** DATA FOR PROCESSING follows **

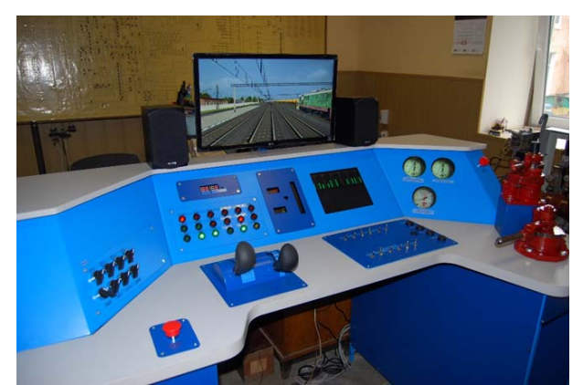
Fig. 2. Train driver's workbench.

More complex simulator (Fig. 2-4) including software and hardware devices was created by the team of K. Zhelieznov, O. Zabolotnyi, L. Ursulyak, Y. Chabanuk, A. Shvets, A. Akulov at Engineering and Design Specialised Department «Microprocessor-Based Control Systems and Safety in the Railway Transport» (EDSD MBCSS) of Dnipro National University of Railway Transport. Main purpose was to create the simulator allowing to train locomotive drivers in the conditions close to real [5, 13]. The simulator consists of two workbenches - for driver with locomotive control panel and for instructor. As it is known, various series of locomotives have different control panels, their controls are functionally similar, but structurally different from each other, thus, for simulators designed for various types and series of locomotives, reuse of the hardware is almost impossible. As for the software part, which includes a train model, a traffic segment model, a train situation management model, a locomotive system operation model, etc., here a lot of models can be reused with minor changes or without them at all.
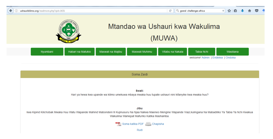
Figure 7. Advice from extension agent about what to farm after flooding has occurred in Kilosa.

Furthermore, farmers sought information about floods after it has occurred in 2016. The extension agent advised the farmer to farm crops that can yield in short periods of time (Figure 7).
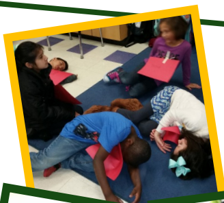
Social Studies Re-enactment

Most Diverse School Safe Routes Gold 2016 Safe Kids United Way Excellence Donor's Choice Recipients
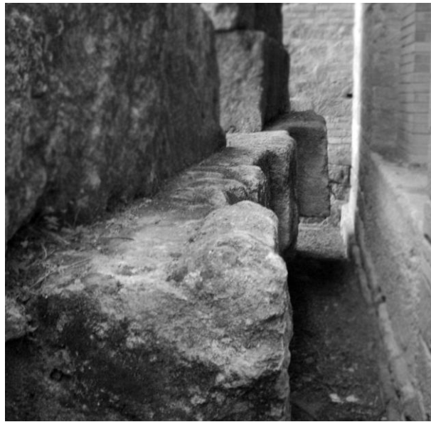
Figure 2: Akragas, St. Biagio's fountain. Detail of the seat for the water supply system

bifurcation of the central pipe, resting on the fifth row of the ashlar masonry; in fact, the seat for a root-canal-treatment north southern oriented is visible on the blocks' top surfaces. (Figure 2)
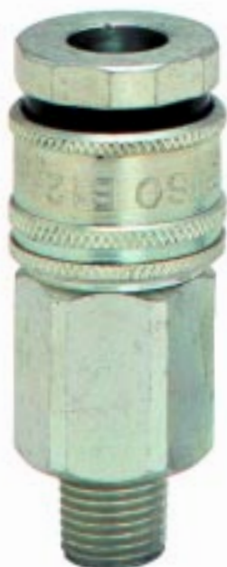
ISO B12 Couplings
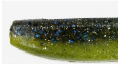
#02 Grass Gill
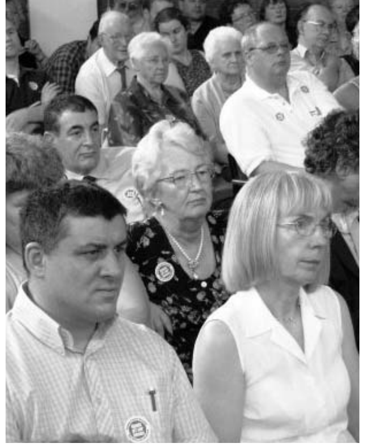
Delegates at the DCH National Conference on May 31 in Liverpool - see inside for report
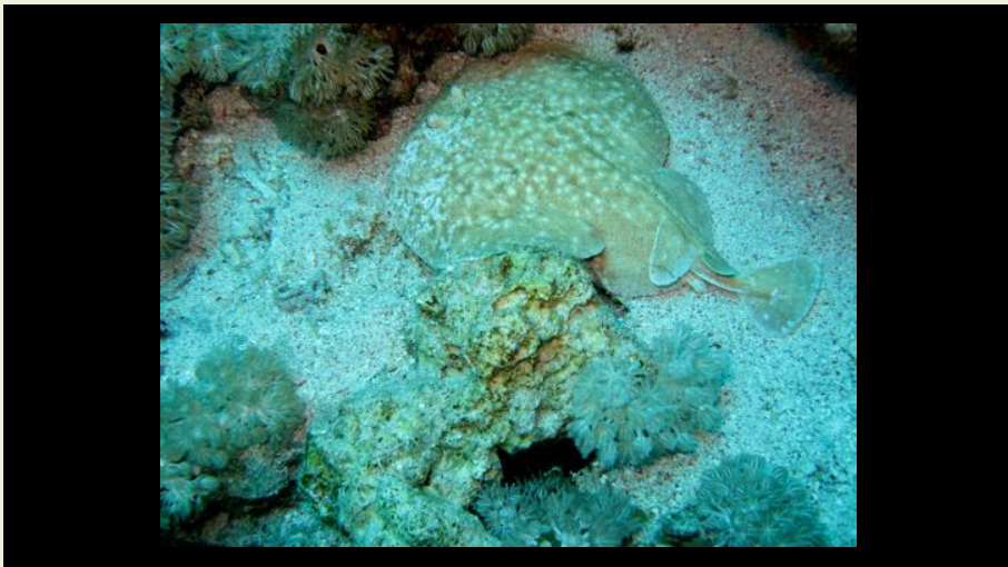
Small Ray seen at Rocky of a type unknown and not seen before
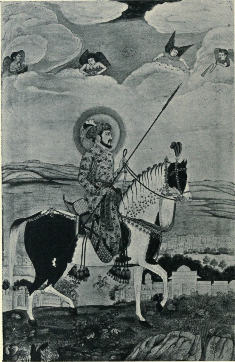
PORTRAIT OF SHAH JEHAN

** End of DATA FOR PROCESSING **

* TASK DETAILS *
Examine the records above and state the number of lines that include "agent", with no further text.

* RESPONSE *
2